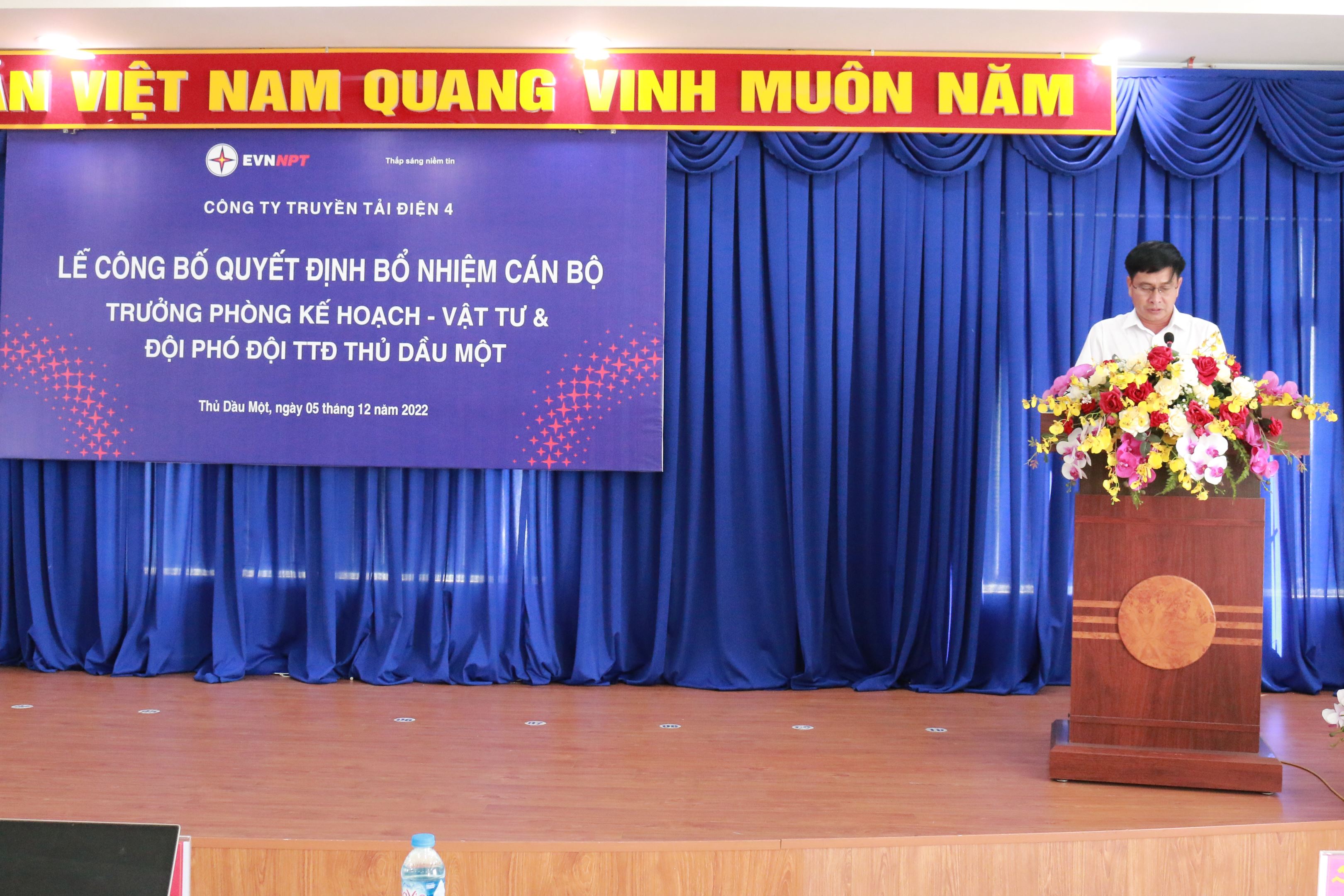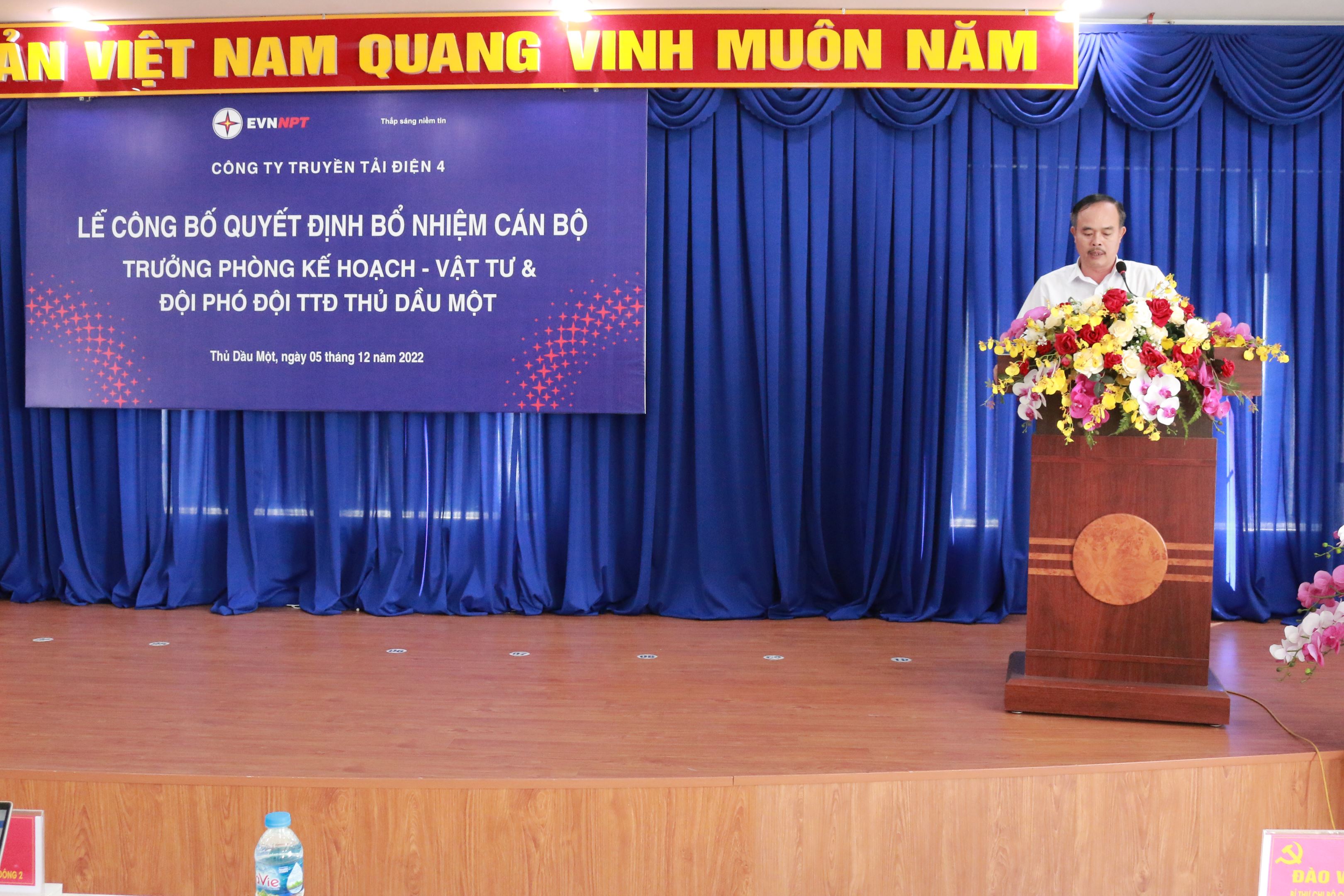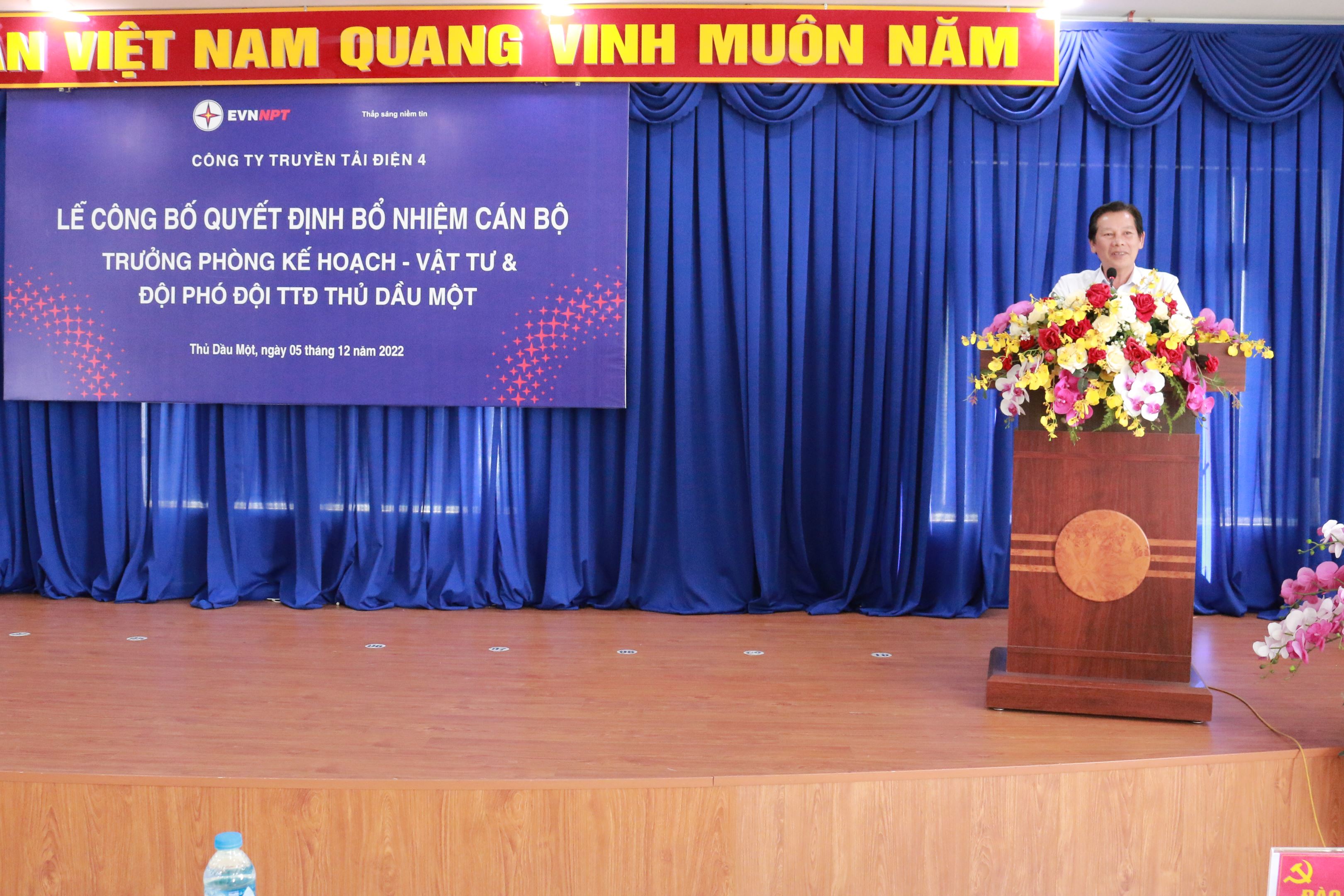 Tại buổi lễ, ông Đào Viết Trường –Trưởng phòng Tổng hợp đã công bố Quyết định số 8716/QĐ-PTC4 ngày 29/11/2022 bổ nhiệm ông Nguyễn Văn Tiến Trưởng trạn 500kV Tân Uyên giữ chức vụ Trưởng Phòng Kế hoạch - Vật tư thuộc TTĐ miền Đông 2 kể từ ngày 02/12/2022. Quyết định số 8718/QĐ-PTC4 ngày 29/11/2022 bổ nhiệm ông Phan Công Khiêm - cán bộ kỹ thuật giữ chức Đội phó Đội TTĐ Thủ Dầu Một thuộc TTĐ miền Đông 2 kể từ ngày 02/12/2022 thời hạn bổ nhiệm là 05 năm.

==

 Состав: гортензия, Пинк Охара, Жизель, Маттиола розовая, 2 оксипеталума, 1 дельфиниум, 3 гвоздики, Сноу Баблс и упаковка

...

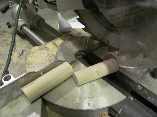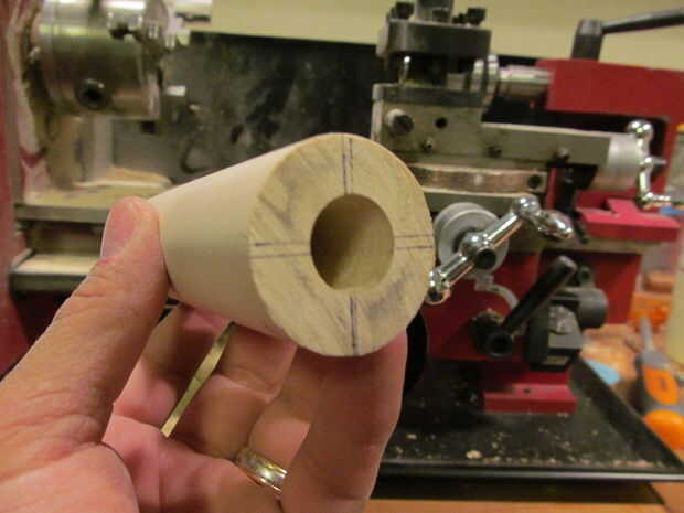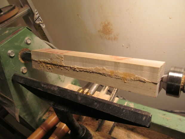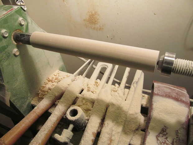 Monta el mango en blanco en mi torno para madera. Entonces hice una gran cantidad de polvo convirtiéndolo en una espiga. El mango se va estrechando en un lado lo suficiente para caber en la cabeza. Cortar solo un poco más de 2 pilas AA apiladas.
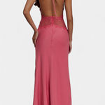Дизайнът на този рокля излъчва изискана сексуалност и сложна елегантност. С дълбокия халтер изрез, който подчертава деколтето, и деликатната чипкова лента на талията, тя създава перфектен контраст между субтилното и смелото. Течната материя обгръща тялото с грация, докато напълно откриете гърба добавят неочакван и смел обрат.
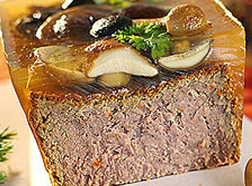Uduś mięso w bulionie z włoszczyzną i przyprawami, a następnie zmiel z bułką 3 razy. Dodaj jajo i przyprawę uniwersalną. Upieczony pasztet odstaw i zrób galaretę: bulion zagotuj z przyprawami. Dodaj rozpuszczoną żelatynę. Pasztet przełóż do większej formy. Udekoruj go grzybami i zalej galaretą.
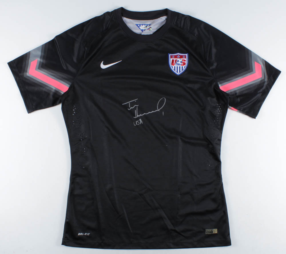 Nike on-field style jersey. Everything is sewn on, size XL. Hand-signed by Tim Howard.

▸ The problem
Among the entries above, locate the line with "Uduś mięso w" and the line with "Nike on-field style". Give those two lines and all lines between them again, exactly, leaving out the pictures.

▸ Reply
Uduś mięso w bulionie z włoszczyzną i przyprawami, a następnie zmiel z bułką 3 razy. Dodaj jajo i przyprawę uniwersalną. Upieczony pasztet odstaw i zrób galaretę: bulion zagotuj z przyprawami. Dodaj rozpuszczoną żelatynę. Pasztet przełóż do większej formy. Udekoruj go grzybami i zalej galaretą.
 Nike on-field style jersey. Everything is sewn on, size XL. Hand-signed by Tim Howard.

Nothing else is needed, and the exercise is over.